You have 10 testcases and you want to execute them in 3 parts. So the best way to balance the workload would be to execute 3, 3, and 4 rather than 1, 1 and 8.

procedure calc_stream_numbers;
var div_res,rest:double;
    total,streams:integer;
begin
total := 10; 
streams := 3;
 div_res := total DIV streams;
 rest := total MOD streams;
 showmessage('Items: '  +IntToStr(total)+#13#10+
              'Streams: '+IntToStr(streams)+#13#10+
              'Result: '+FloatToStr(div_res)+
              'Rest: '+FloatToStr(rest));
end;

This gives me the division result of 10 / 3 = 3 (Rest 1) So I could execute 3 x 3 Testcases which makes 9 in total. To execute all 10 of them, I have to add the remaining one to any of the 3 streams. But If you have a more complicated example..
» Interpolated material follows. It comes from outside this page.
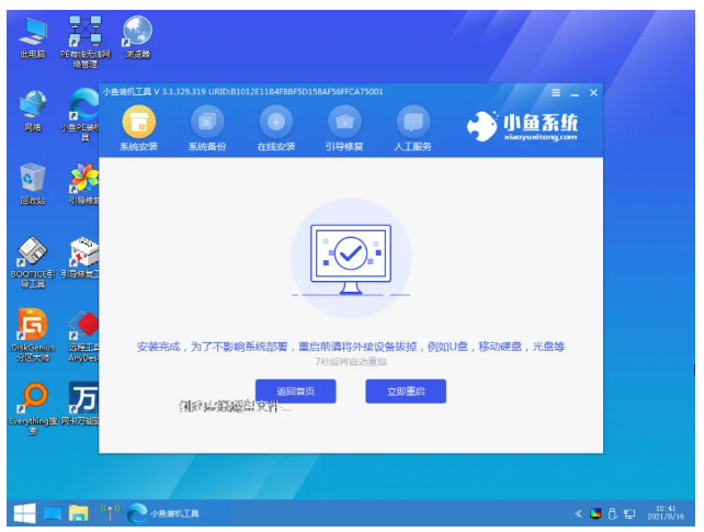 4.下載安裝資源,啟動U盤制作,安裝制作完成后,我們需要重新啟動電腦。

I am sure there is a mathematical expression for this but I must admit, I have noe clue. Maybe you are able to enlighten me how such a division is called and if there is any built-in delphi function.

3

There are 3 answers

2
David Heffernan On BEST ANSWER

You can code it like this:

function BalancedWorkload(Total, Count: Integer): TArray<Integer>;
var
  i: Integer;
begin
  SetLength(Result, Count);
  for i := 0 to Count-1 do
  begin
    Result[i] := Total div Count;
    dec(Total, Result[i]);
    dec(Count);
  end;
end;

You have Total units to split up into Count parts. We start with Total div Count for the first item. Then we have Total - (Total div Count) units left which need to be split into Count - 1 parts. Continue in this way until there's nothing left to do.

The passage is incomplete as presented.